Johnson will hug Starmer close – metaphorically, of course. The two men had a “constructive” phone call on Wednesday; more will follow. But this might not provide the political cover the PM hopes for. Starmer will not attend meetings of the Cobra emergency committee. Whitehall officials tell me the leaders of Scottish, Welsh and Northern Irish administrations and London mayor are there because they have “operational responsibilities”. It will suit Starmer to keep his distance, and ability to criticise.
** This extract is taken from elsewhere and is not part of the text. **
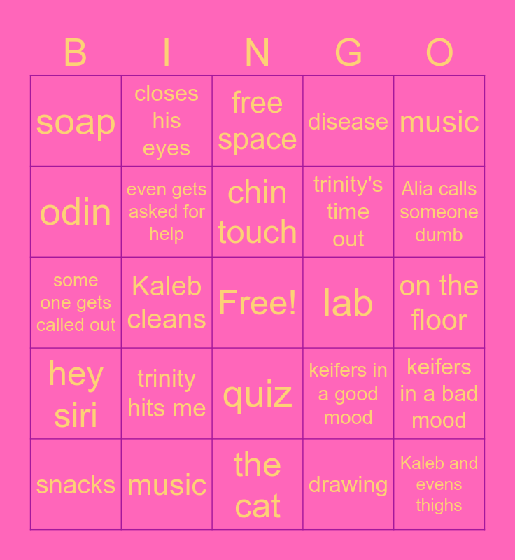 This bingo card has a free space and 24 words: trinity hits me, music, chin touch, snacks, music, soap, odin, closes his eyes, lab, quiz, trinity's time out, some one gets called out, keifers in a good mood, keifers in a bad mood, even gets asked for help, drawing, on the floor, free space, Alia calls someone dumb, Kaleb cleans, Kaleb and evens thighs, hey siri, disease and the cat.

It is early days, but the Labour leader already looks capable of passing the crucial “can you imagine him in No 10?” test. That he is 57 is to his advantage, as a younger opposition leader might look out of their depth in this crisis. Starmer is a serious man for serious times. A big question is: will Johnson seize his golden opportunity to become a statesman, afforded by his gruelling experience of coronavirus, or return to being the populist joker who hopes bouncy optimism can win the day? He might want to become the serious leader the country needs, but can he?

Whatever the final verdict on the government’s “war” against the virus, with the next election probably four years away, the battle between Johnson and Starmer will turn on how the economy recovers in peacetime. Unemployment has not been a big issue at recent elections; it might be at the next one.

The crisis gives Starmer a huge opportunity to offer the country a fairer economic and social settlement. The lawyer is building his case for an end to “business as usual”. In another contrast with Corbyn, he looks like a man who knows where he wants to be in 2024, and is working out a strategy to get there.

Yet Labour should not assume voters will flock into its arms in the new era of a big state with high spending. Johnson’s rejection of austerity on Thursday shows he will offer a different plan for the future too. One ally described it as “going for growth, the levelling-up agenda with booster rockets”.

With his wife working for the NHS in the lockdown, Starmer is overseeing their two children’s homework. He admits to struggling when “trying to keep one step ahead on the maths and English”. He also needs to keep one step ahead of Johnson. But his good start suggests he can.